Das wäre natürlich klasse aus der Sicht des BKA. Und sie werden offenbar nicht müde, sich dafür einzusetzen. Das Problem ist jedoch ein anderes: warum das Löschen in der Realität lange dauert, verrät einem der Deutschlandfunk in einer „Hintergrund” -Sendung, wo sich Michael Böhm vom Bund der Kriminalbeamten zu Wort meldet:
"Hier haben wir gerade in Berlin das personelle Problem, dass die Technik zwar vorhanden ist, aber das Personal einfach nicht mehr mit diesen Datenmengen hinterkommt. Und dann kommen Sie in einen Bearbeitungsstau, das heißt also, Sie erkennen dann eventuell Zugriffsmöglichkeiten leider erst zu spät."
Aber ich vermute mal, dass mehr Beamte auch einiges mehr kosten. Daher wird das wohl nichts.
Abschließend möchte ich ein Zitat aus dem heutigen Artikel der Welt anbringen. Wer erkennt den logischen Fehlschluss?
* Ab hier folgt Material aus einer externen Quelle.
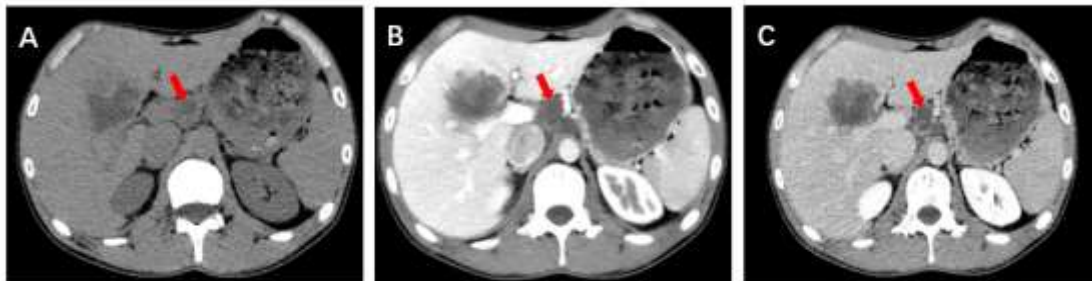
Fig. 1: CT plain and enhanced scan.

The abdominal computed tomography (CT) showed lesion located in S4-5-6 and slightly low-density lymph node existed in the hepatogastric space with diameter of 2.13 cm (the lesion on maximum diameter was not displayed in order to show the lymph node better, Fig. 1. A, B and C). Branches of right hepatic artery and portal vein were close to the lesion. It was suspected of hepatic alveolar echinococcosis (P2N1M0, based on expert consensus of alveolar echinococcosis (4)) with regional lymph node metastasis. In addition, there were several cysts in the liver. No special findings were found in the lung and brain scans. The results of magnetic resonance imaging(MRI) scan also considered hepatic alveolar echinococcosis (Fig. 2. A, B and C).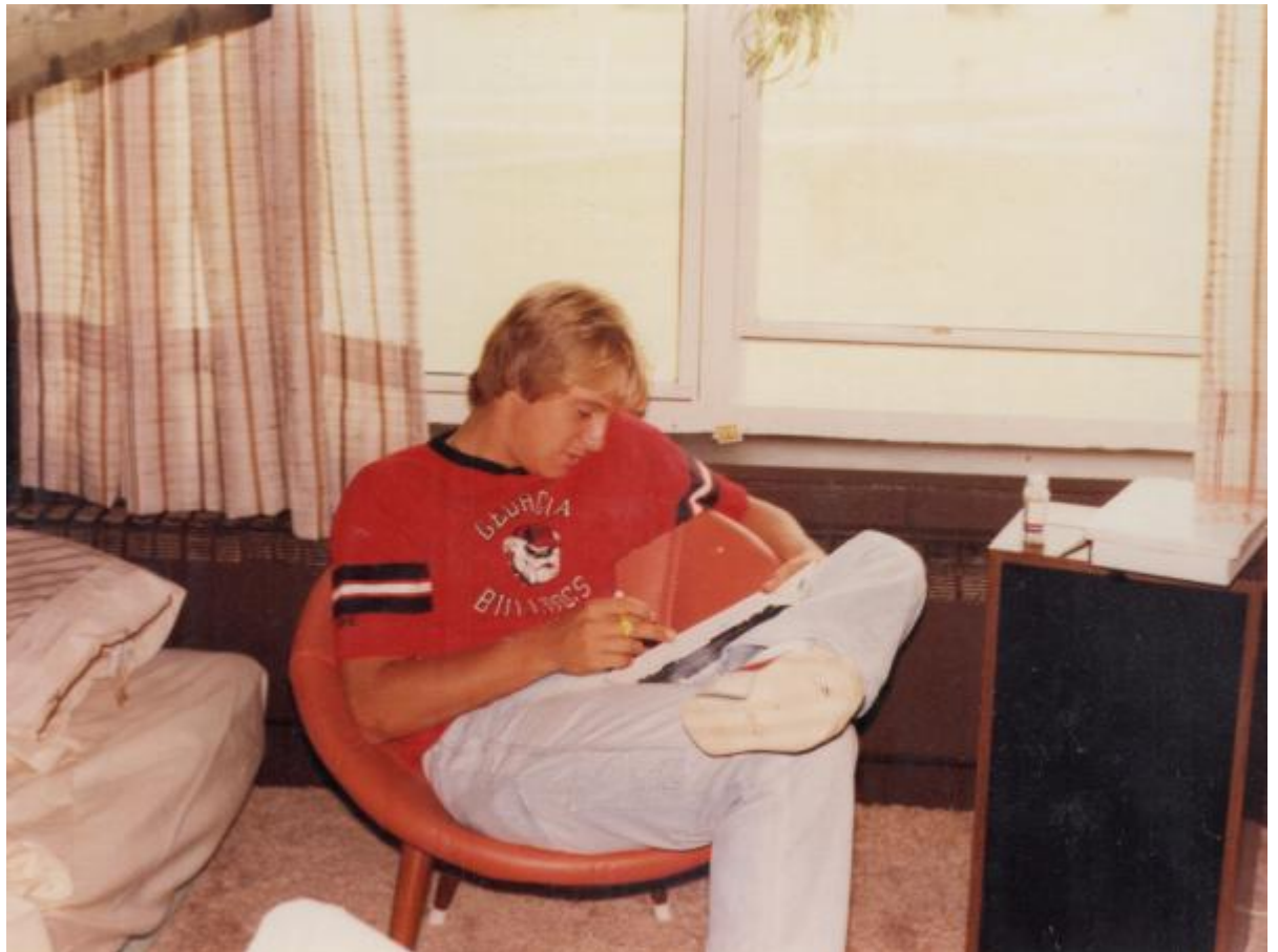
Wait, who's taking a break from partying to do some studying?

BKA-Präsident Jörg Ziercke hatte mehrfach für Sperren im Internet plädiert, stößt mit dieser Position aber auf den Widerstand der mitregierenden FDP, die Liberalität im Netz fordert. Das alleinige Löschen führt laut Ziercke nicht zum Verschwinden der schrecklichen Bilder aus dem Internet, weil die Produzenten häufig über Kopien des Materials verfügen


Nachtrag 16:30:
Udo Vetter hat im lawblog weitere interessante Aspekte aufgezeigt. Dabei etwa den Umstand, dass sich hier über Bearbeitungszeiten aufgeregt werde „die [von dem BKA] selbst nie und nimmer erreicht werden”.